'We are Workers, Not Inmates!': The Politics of Space in Mozambican Workers’ Company Dormitories in East Germany (1979-1990)

Lea Marie Nienhoff
Master Thesis, 2019

The legacy and memories of East Germany are unexpectantly present in Maputo, the capital of Mozambique. Every Wednesday morning, a large group of Mozambican men and women, who worked and lived in the cities and villages of East Germany from 1979-1990, gathers for a manifestation. Draped into German flags they walk down the street singing and drumming, demanding to be paid their outstanding wages, the 25% to 40% that were withheld from what they earned in the factories and mines of East Germany.

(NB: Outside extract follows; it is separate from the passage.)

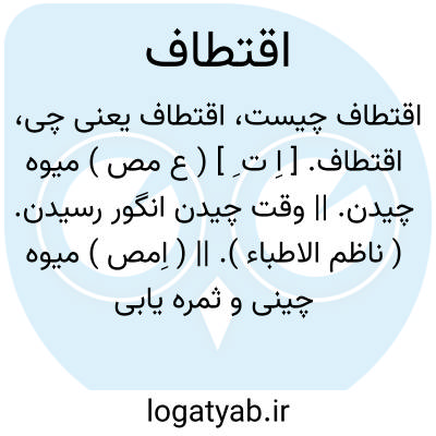 ۱ - ( مصدر ) چیدن میوه چیدن. ۲ - ( مصدر ) فرا رسیدن موسم میوه چیدن. ۳ - برداشتن فرا گرفتن. جمع: اقتطافات.

This master thesis is a historical ethnography of the spatial practices of Mozambican workers in East German cities and towns. At the core of the study are the company dormitories to which contract workers were assigned. While being places of instruction and control, Mozambican workers found individual and collective strategies to challenge the legitimacy of space constraints. Building on archival documents and oral history, the thesis depicts the ways in which Mozambican workers transformed the poor and degrading environment of the dormitories into a home—and sometimes even into a place of dignity, safety and youthfulness. Mozambican workers created a strong community and networks of support through which they collectively resisted the paternalistic practices of control by German and Mozambican authorities in the dormitories and beyond. The architecture of company dormitories and the system of control inside resembled spaces of colonial exploitation, in the midst of a socialist society. Workers’ and migrants’ struggles, the thesis concludes, are closely intertwined with the materiality of the accommodations they are bound to and the social space produced around them.